→ **What is expected**: Copy the data verbatim and leave out every picture.
[Opening Provided material section]
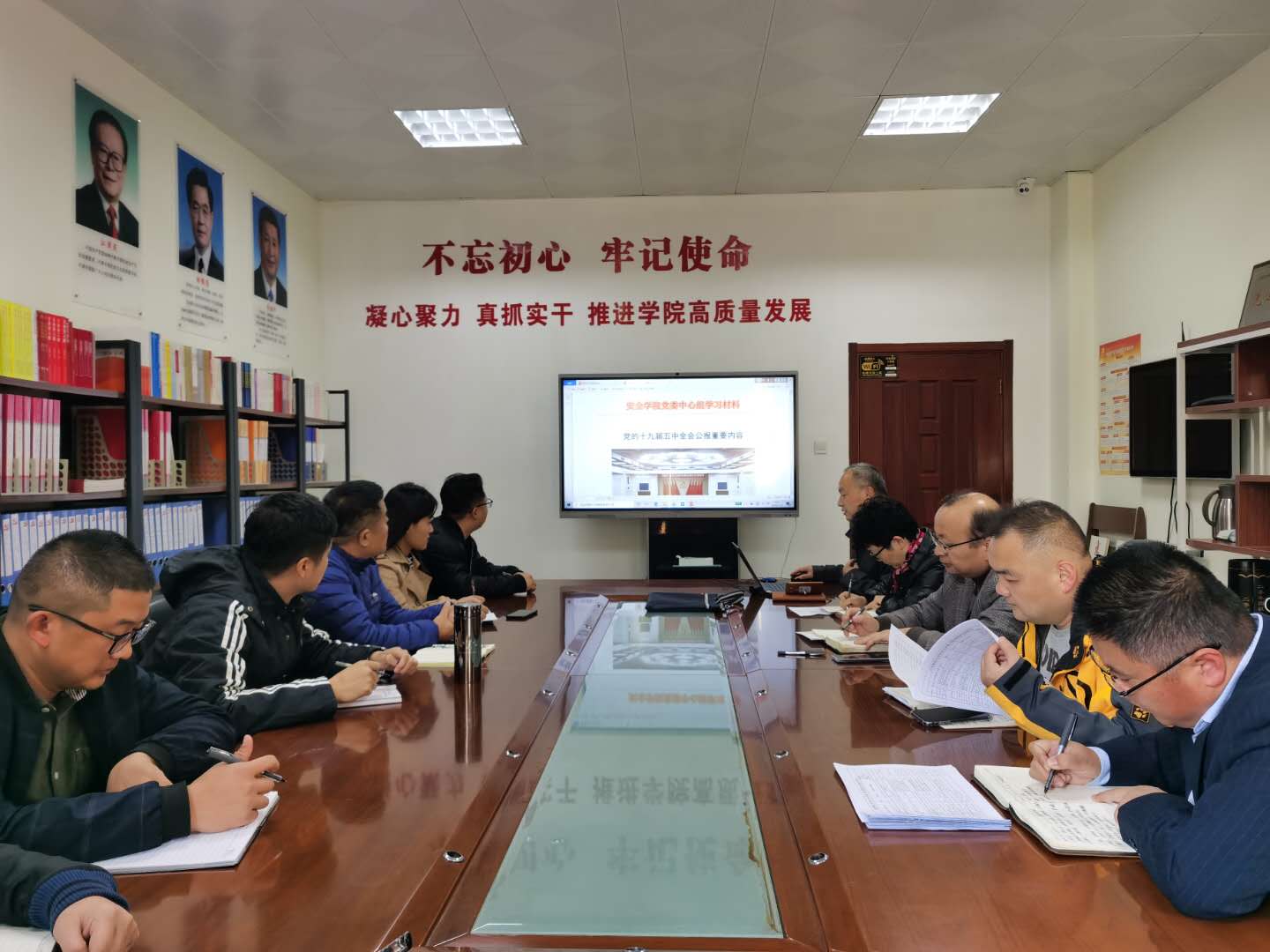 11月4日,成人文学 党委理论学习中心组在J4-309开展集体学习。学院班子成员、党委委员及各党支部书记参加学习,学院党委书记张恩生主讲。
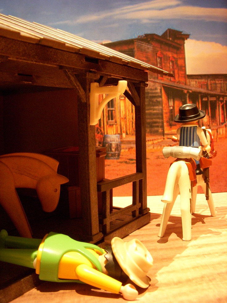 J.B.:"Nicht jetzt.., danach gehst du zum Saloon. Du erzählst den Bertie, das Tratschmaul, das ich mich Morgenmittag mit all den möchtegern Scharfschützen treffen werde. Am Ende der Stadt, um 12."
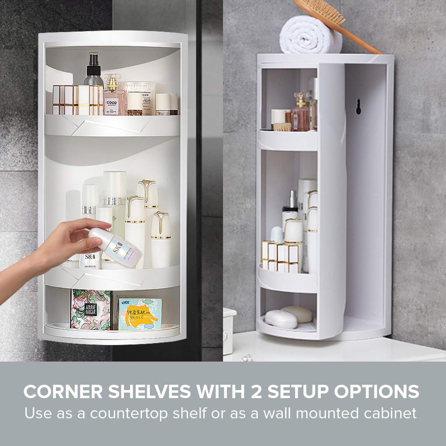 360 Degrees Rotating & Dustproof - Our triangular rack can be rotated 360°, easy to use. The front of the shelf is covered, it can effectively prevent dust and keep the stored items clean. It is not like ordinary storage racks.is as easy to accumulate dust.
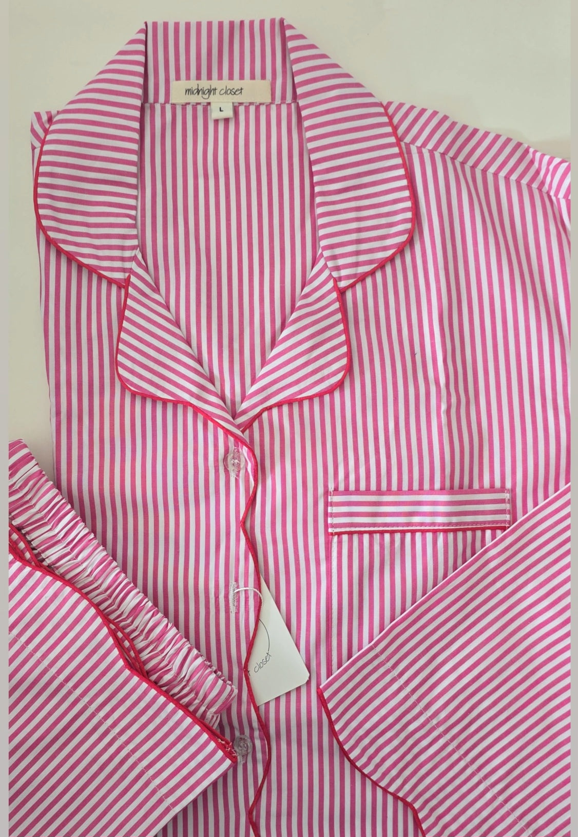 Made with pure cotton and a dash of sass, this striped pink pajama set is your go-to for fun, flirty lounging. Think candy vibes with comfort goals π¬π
[Closing Provided material section]
→ **Answer area**:
 11月4日,成人文学 党委理论学习中心组在J4-309开展集体学习。学院班子成员、党委委员及各党支部书记参加学习,学院党委书记张恩生主讲。
 J.B.:"Nicht jetzt.., danach gehst du zum Saloon. Du erzählst den Bertie, das Tratschmaul, das ich mich Morgenmittag mit all den möchtegern Scharfschützen treffen werde. Am Ende der Stadt, um 12."
 360 Degrees Rotating & Dustproof - Our triangular rack can be rotated 360°, easy to use. The front of the shelf is covered, it can effectively prevent dust and keep the stored items clean. It is not like ordinary storage racks.is as easy to accumulate dust.
 Made with pure cotton and a dash of sass, this striped pink pajama set is your go-to for fun, flirty lounging. Think candy vibes with comfort goals π¬π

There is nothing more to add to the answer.